» WHAT THE TASK ASKS
Take the lines of the data below from the very first through the line containing "Рисунок 9 –" and output them exactly, pictures excluded.

<<<<

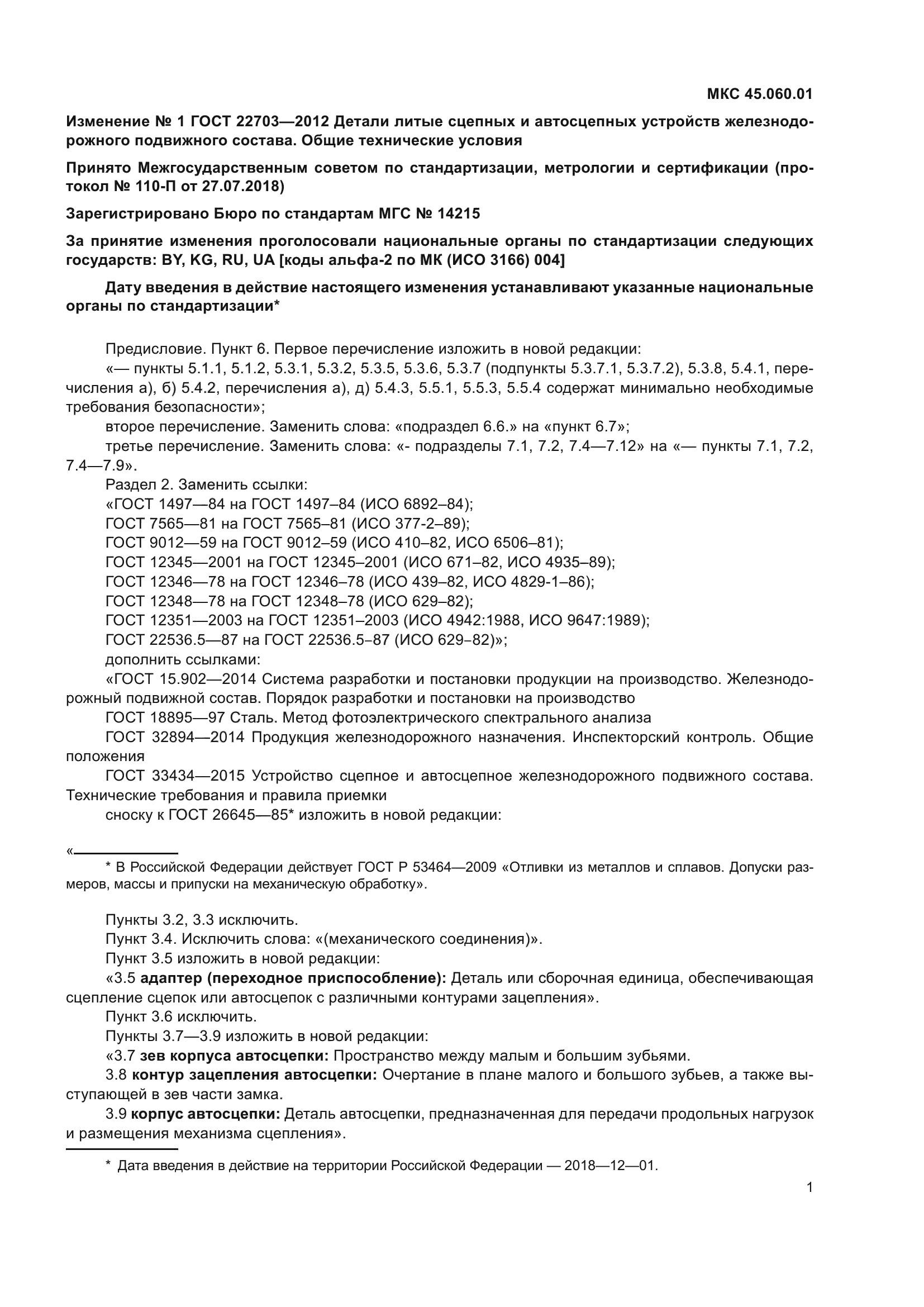 | Приложение №1: | Изменение к ГОСТ 22703-2012. Поправка к изменению |
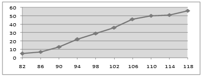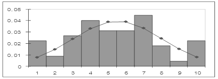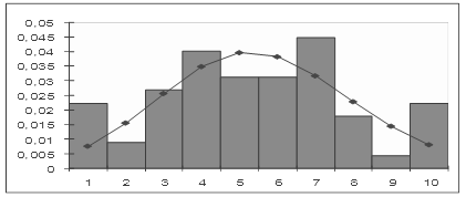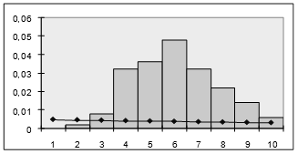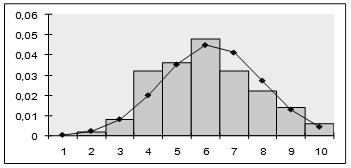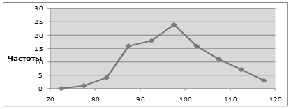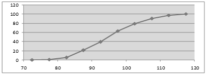 Рисунок 9 – Полигон частот кумуляты частот – графическая зависимость накопленных частот (накопленных относительных частот) от середины интервалов (рисунок 10).
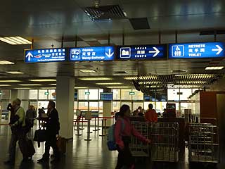 次は来たときと同じく、無人の地下鉄(『地球の歩き方』にはシャトルトレインとかAPMと載っていた)で空港の搭乗ゲートへ向かいます。行きは貸し切りのようだったけど、今回は人がたくさん。第2ターミナル的なところで一回止まるので、間違えて降りないように。終点で降り、みんなそれぞれの搭乗ゲートへ向かって散っていきます。ホームに液晶の掲示板があるので、自分が乗る飛行機の搭乗口の番号を確認。搭乗口によってエスカレーターに乗ったり、そのまままっすぐだったりと、分かれ道が多いので気をつけないと。 〜香港ドルさらば〜 地下からだいぶ上がってきて、日差しが入る階までやってきました。もう少しだ。香港国際空港、かなり広いが、案内どおりに歩いていけば特に迷うこともない。やっと搭乗口を確認してから、空港内探検。あ、換金しないとだ。日本人っぽいサラリーマンが換金所にいるのを見て思い出した。私も並んでみる。 換金所のお兄さんは愛想のいい人だった。私はきちんと準備してなかったのでとりあえずお札だけ出し、あとから「あ、まだあった」と香港ドルの小銭をちまちま出していく、ということをやってしまったため、お兄さんに迷惑をかけてしまった(でも端数だったのか小銭はほとんど戻ってきた)。「あと100円あれば1万円札で返せるよ」と言うので、100円玉を渡して1万円返してもらった。こういうやり方もあるのか。最後にサインをしろ、というので「漢字でいいのか?」と思いつつ、お兄さんの隣を見ると、前にサインしたと思われるサラリーマンのサインが見えた。やっぱり日本人だったか。サラリーマンが日本語でサインしていたので、私もそのまま漢字でサインしておいた。 〜お腹へった〜
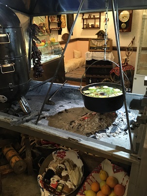 バニツァ(写真左手前の丸い天板のやつ、パイ生地に、塩気の強いチーズとほうれん草を混ぜて焼いたもの)は文句なくおいしい!ビールが欲しい!スートラシュ(ライスプディング、ミニテーブルの手前に載ったプラスチックのカップに入ったやつ)はほのかに甘くて、うっすら獣の味だけど、おいしーい!乳製品好きにはたまらないラインナップです。
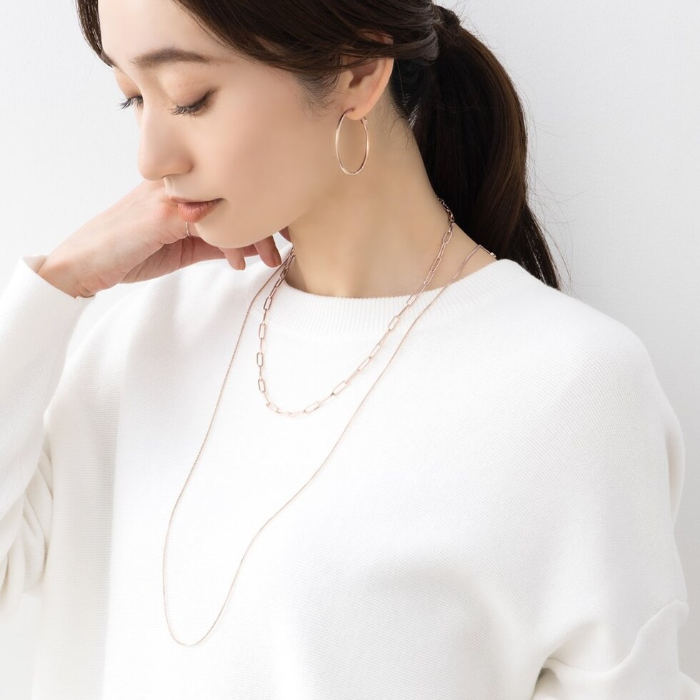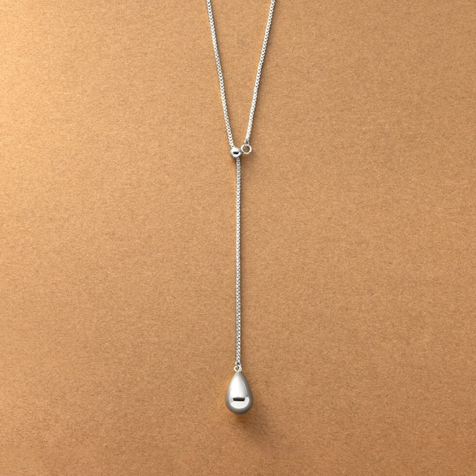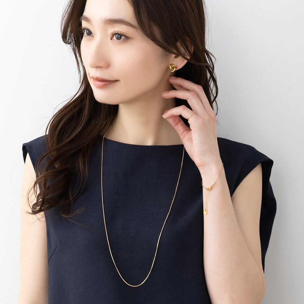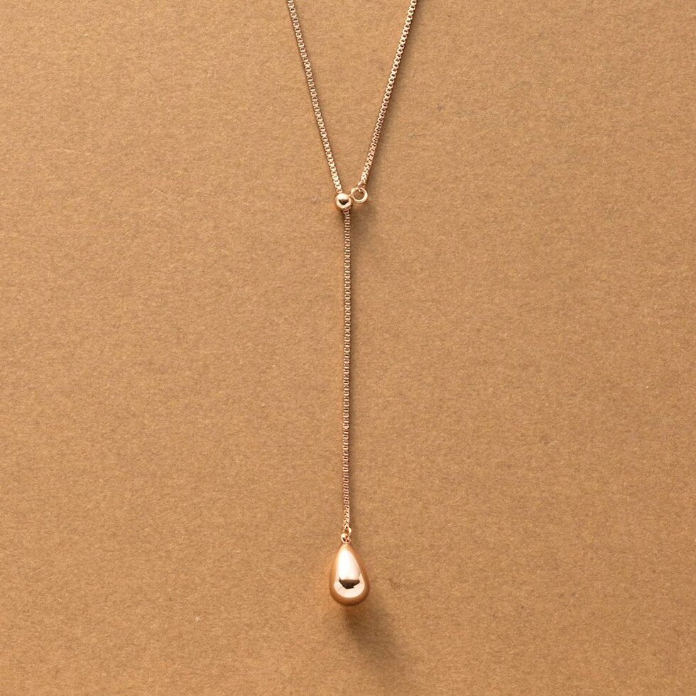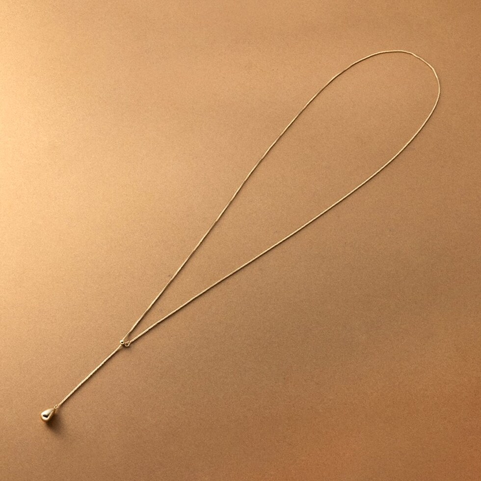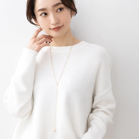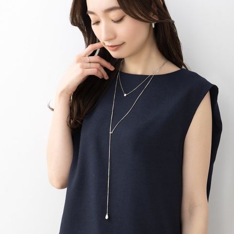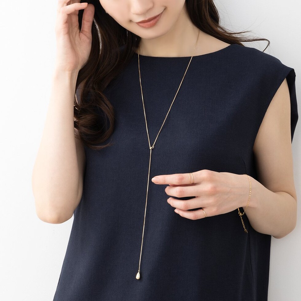 メタルドロップモチーフが揺れるフリーアジャスターのY字ロングネックレス。中央のスライドパーツでY字部分を自分好みの長さに無段階で調整が可能。長さを変えるだけで印象も変わるので、様々なスタイルでおしゃれが楽しめます♪モチーフを後ろ側にして、シンプルなネックレスとして使用しても◎肌馴染みもよく錆びにくいステンレス製だからデイリー使いにぴったりの一品です。
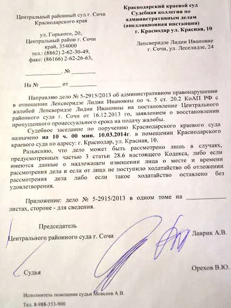 Суд в Краснодаре подтвердил законность штрафа в отношении 75-летней Лидии Лепсверидзе. Сочи, март 2014 г. Фоторепортаж корреспондента "Кавказского узла" Светланы Кравченко
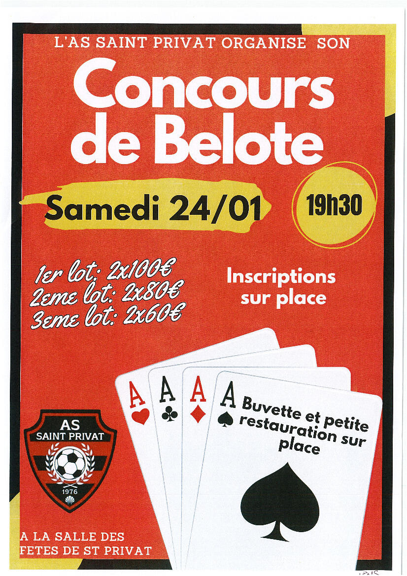 CONCOURS DE BELOTE 12/01/2026 L'association sportive de Saint Privat d'Allier organise un concours de belote

>>>>

» RESULT BELOW
 | Приложение №1: | Изменение к ГОСТ 22703-2012. Поправка к изменению |
 Рисунок 9 – Полигон частот кумуляты частот – графическая зависимость накопленных частот (накопленных относительных частот) от середины интервалов (рисунок 10).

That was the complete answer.